(Records)

====

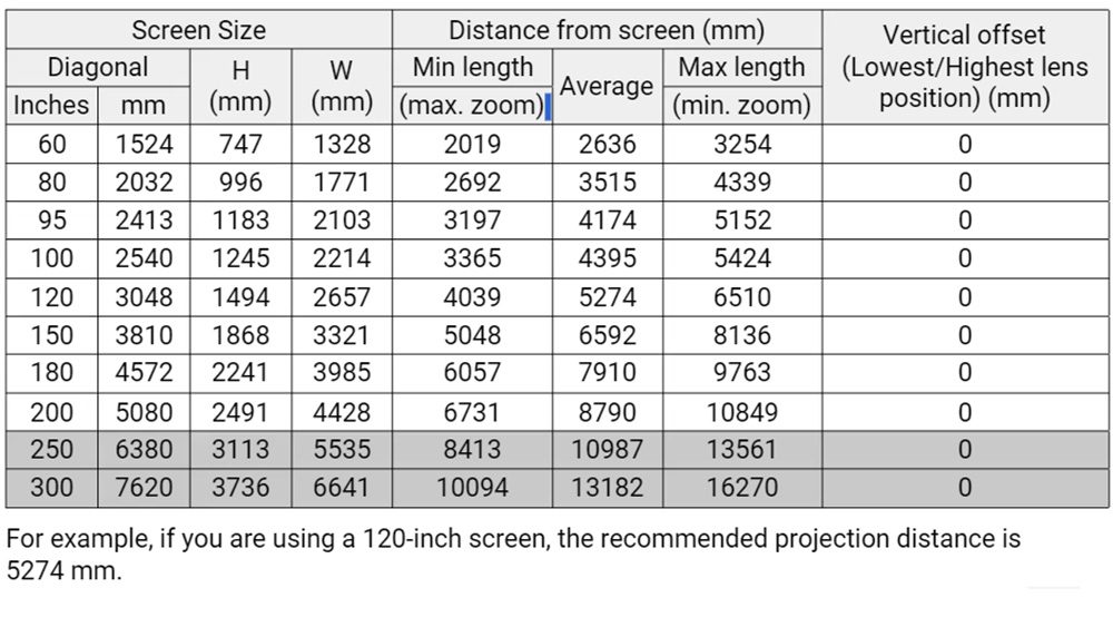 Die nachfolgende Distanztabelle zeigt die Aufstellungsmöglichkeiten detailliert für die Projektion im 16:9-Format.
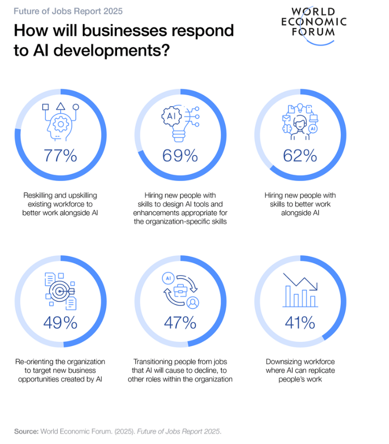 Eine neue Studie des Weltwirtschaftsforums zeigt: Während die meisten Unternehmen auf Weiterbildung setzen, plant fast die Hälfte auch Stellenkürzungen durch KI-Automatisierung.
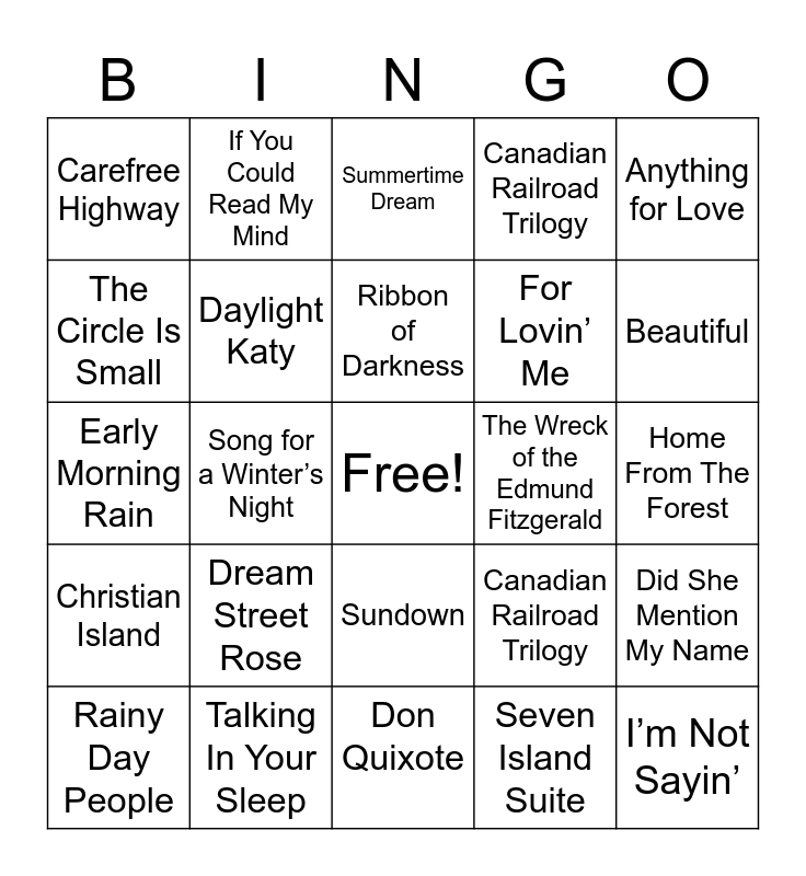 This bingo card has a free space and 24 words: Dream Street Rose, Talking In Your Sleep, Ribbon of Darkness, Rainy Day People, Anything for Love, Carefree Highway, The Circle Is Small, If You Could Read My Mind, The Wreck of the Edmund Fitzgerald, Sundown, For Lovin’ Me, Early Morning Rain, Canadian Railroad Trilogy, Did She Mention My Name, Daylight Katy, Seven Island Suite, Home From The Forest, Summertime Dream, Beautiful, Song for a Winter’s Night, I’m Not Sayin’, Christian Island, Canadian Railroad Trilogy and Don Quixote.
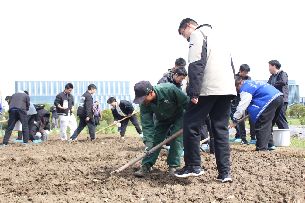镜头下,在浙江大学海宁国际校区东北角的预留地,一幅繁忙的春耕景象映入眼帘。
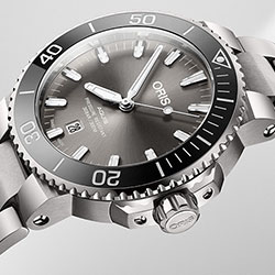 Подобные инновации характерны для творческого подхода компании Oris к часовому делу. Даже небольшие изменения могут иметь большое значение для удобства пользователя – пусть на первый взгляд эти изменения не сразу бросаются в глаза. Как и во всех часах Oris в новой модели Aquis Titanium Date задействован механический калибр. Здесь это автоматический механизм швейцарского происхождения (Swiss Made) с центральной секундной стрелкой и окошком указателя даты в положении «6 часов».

====

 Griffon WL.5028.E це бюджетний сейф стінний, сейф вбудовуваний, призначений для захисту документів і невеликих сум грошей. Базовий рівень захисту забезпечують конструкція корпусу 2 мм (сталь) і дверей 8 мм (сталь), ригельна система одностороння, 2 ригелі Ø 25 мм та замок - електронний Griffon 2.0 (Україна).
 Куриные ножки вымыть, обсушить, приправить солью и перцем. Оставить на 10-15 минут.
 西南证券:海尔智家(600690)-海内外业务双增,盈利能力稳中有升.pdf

====

(Your task)
Nothing outside the stretch above, from the line with "Die nachfolgende Distanztabelle" through the line with "Подобные инновации характерны", is set down. Transcribe that stretch exactly, ends included, but not its pictures.

(Output for this task)
 Die nachfolgende Distanztabelle zeigt die Aufstellungsmöglichkeiten detailliert für die Projektion im 16:9-Format.
 Eine neue Studie des Weltwirtschaftsforums zeigt: Während die meisten Unternehmen auf Weiterbildung setzen, plant fast die Hälfte auch Stellenkürzungen durch KI-Automatisierung.
 This bingo card has a free space and 24 words: Dream Street Rose, Talking In Your Sleep, Ribbon of Darkness, Rainy Day People, Anything for Love, Carefree Highway, The Circle Is Small, If You Could Read My Mind, The Wreck of the Edmund Fitzgerald, Sundown, For Lovin’ Me, Early Morning Rain, Canadian Railroad Trilogy, Did She Mention My Name, Daylight Katy, Seven Island Suite, Home From The Forest, Summertime Dream, Beautiful, Song for a Winter’s Night, I’m Not Sayin’, Christian Island, Canadian Railroad Trilogy and Don Quixote.
镜头下,在浙江大学海宁国际校区东北角的预留地,一幅繁忙的春耕景象映入眼帘。
 Подобные инновации характерны для творческого подхода компании Oris к часовому делу. Даже небольшие изменения могут иметь большое значение для удобства пользователя – пусть на первый взгляд эти изменения не сразу бросаются в глаза. Как и во всех часах Oris в новой модели Aquis Titanium Date задействован механический калибр. Здесь это автоматический механизм швейцарского происхождения (Swiss Made) с центральной секундной стрелкой и окошком указателя даты в положении «6 часов».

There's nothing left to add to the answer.